Tiel is the largest town in the Betuwe area, which is famous for being one of the centres of Dutch fruit production. Orchards in the area produce apples, pears, plums and cherries. Tiel once housed the famous jam factory De Betuwe. After production was moved to Breda in 1993, the entire complex was demolished, although a part was reconstructed later. Reminding of this industry is a jam manufacturing museum and a statue of Flipje, the raspberry-based comic figure who starred in De Betuwe's, jam factory advertisements since the 1930s.
Tiel is one of the oldest towns in the Netherlands. Originally located on the Linge river it became an important centre of trade in the early Middle Ages, especially after the demise of Dorestad in the 9th century. Later in the Middle Ages Tiel was associated with the Hanseatic League. At the height of its glory Tiel had two big churches, one of which, the St. Walburg, was a collegiate church that belonged to the Teutonic Knights and vanished after the Reformation while the other church, the St. Maarten, became Protestant. Much of the historic centre was destroyed during the Second World War.
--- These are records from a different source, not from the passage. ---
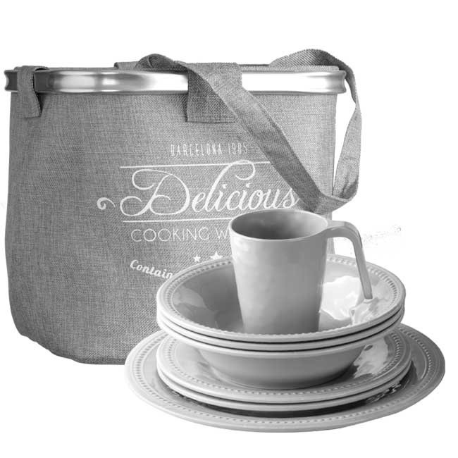 Набор посуды из меламина - стойкого к ударам и царапинам керамоподобного пластика. Включает 6 больших плоских тарелок, 6 глубоких мисок, 6 десертных тарелок и 6 кружек. Упакован в стильную сумку, которая также может использоваться для походов на пляж или в магазин. 24 предмета в наборе, цена за набор.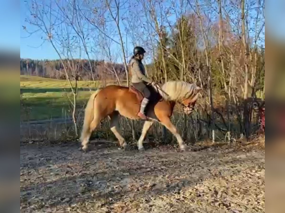 Wir verkaufen unsere 8 jährige Haflingerstute Nava aufgrund von Zeitmangel, an einen Bestplatz. 4 jährig haben wir sie von einer Alm in Slowenien gekauft, dort konnte sie im Herdenverband aufwachsen und war als 2a Zuchtstute eingetragen. Eingeritten bin ich sie dann selbst, wobei sie sehr brav war. Grundgangarten, Schenkelweichen und Halten kennt sie. Longe und Bodenarbeit auch. Ich bin sie immer ohne Sattel (mit Physiopad) geritten, da ich nie einen Passenden für sie gekauft habe. Nava ist ein sehr lernwilliges Pferd, das mehrmals die Woche gearbeitet werden will, da ihr sonst einfach langweilig ist. Sie macht nach längeren Pausen zuverlässig einige Freudenhüpfer (nicht unter dem Sattel), ist dabei jedoch nie bösartig. Wenn man sie nach längerer Pause vor dem Reiten longiert, kann sie ihre überschüssige Energie loswerden und ist dann unterm Reiter auch brav. Vor allem auf Anfänger und Kinder hat sie immer besonders gut aufgepasst. Angst hat sie vor nichts, auch anderen Pferden zeigt sie souverän, dass man sich nicht fürchten muss, vor Planen, Fahnen, Geräuschen usw. In der Herde ist sie eher ranghoch, ordnet sich aber ein und versteht sich mit Stuten und Wallachen gleichermaßen. Verletzt war sie bei mir nie, auch Hufrehe hatte sie nie. Sie ist extrem trittsicher, auch schmale Wanderwege meistert sie ganz selbstständig. Schmiedefromm. Momentan ist sie zu dick, mit rationierter Fütterung und etwas mehr Bewegung wird das schnell wieder. Durch unseren Familienzuwachs wurde sie länger nicht geritten, sollte aber nach ein paar Mal Longieren kein Problem sein. An der Longe hatte ich sie auch während meiner Schwangerschaft regelmäßig. Auf Wunsch kann ich sie vor dem Verkauf noch einige Male reiten. Dann wäre ein Probereiten möglich, allerdings nur bei ernsthaftem Interesse. Wer bis jetzt gelesen hat, kennt meine ganz ehrliche Beschreibung zu unserer Nava. Ich denke wer sich in sie verliebt und Lust hat mit ihr zu arbeiten, mit dem geht sie durch Dick und Dünn. Deshalb wünsche ich mir für sie den passenden Menschen bei dem sie nicht zu kurz kommt! Platz vor Preis! Weitere Infos und Video auf Anfrage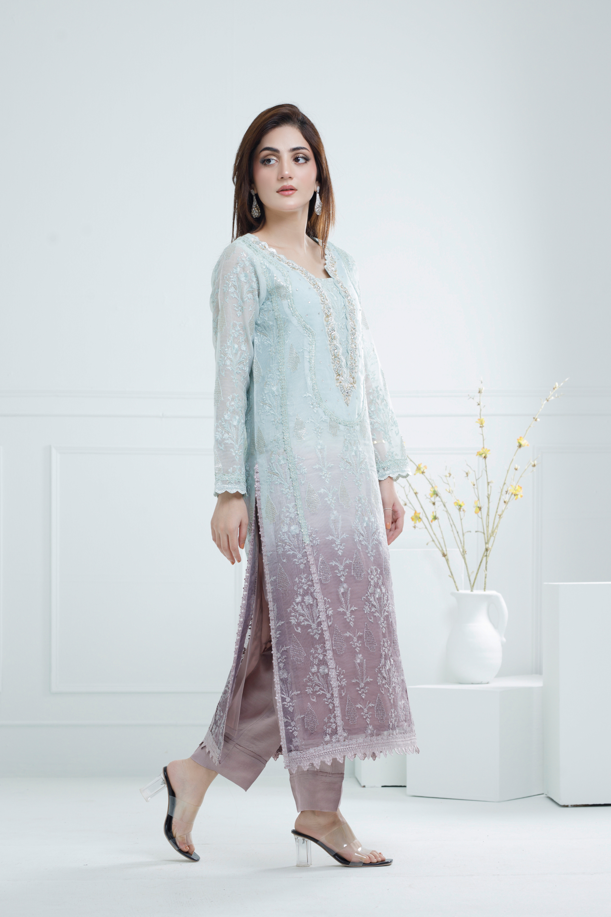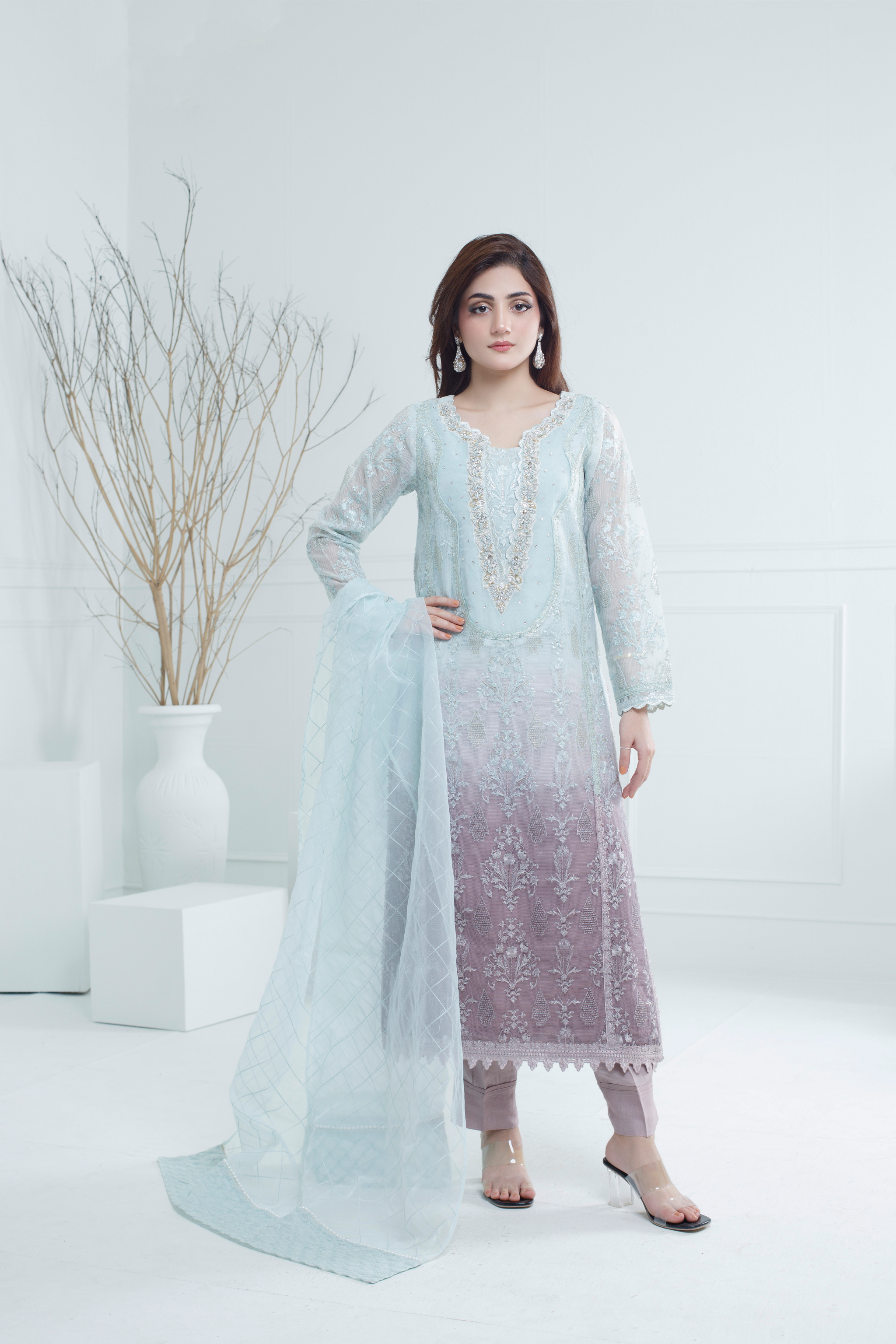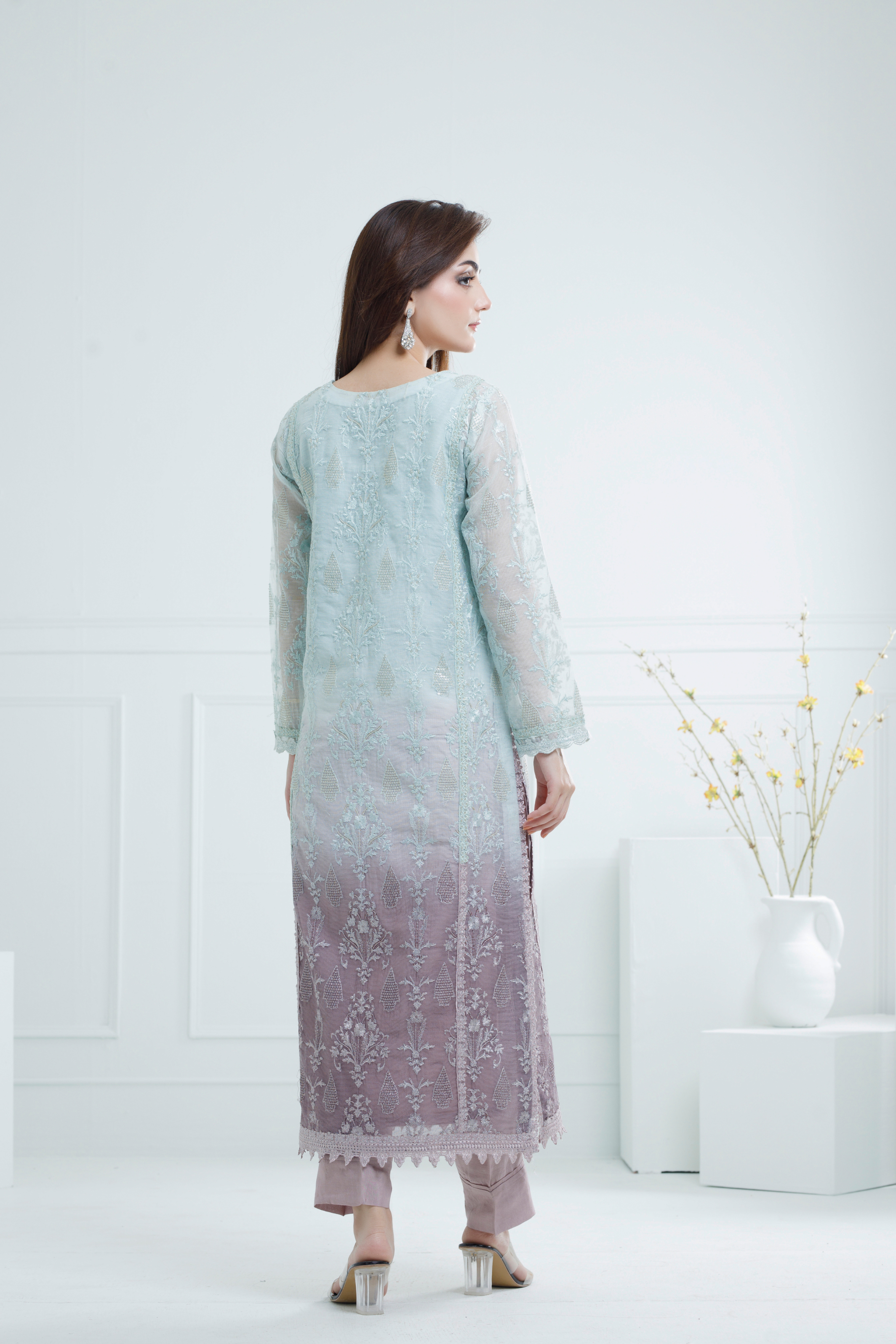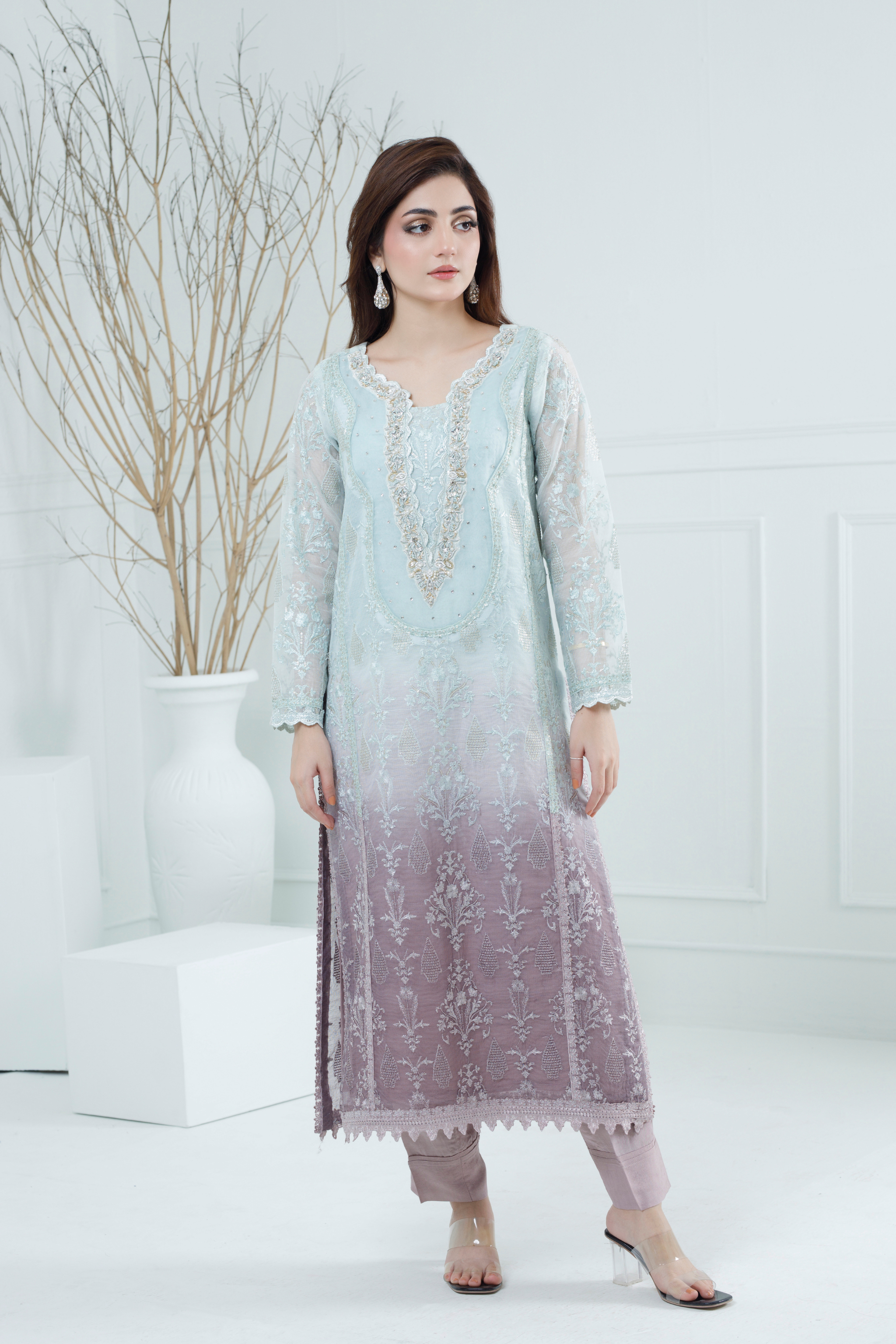 This elegant dress, crafted from luxurious Khaddi Net fabric, features a stunning gradient of ice blue and lilac tones, paired with a lilac trouser. The V-style neckline is heavily embellished with stones, sequins and crystals, also sleeves are beautifully handcrafted, adding sophistication to the design. Intricate lace detailing on the daman and delicate motifs elevate its charm, blending modern elegance with traditional craftsmanship. Perfect for weddings, festive occasions, or formal gatherings, this outfit ensures a graceful and eye-catching appearance.

Every year on the second Saturday in September, a festival known as Fruitcorso' is held, to celebrate the harvest of the fruit produced in the Betuwe area. It includes a parade of vehicles decorated with fruit. In the same weekend there's Appelpop on the Waalkade, which is one of the biggest free pop festivals of the Netherlands.
Tiel has also been known for its pewter industry. The last pewter factory cum museum, which mainly produced collectibles for tourists, went bankrupt in early 2004, but has since been revived. Tiel can be a good starting point to explore the rest of the scenic Betuwe area, particularly in May when all the fruit trees in the surrounding areas are in bloom.
The Dutch author and polemicist Menno ter Braak (1902–1940) grew up in Tiel.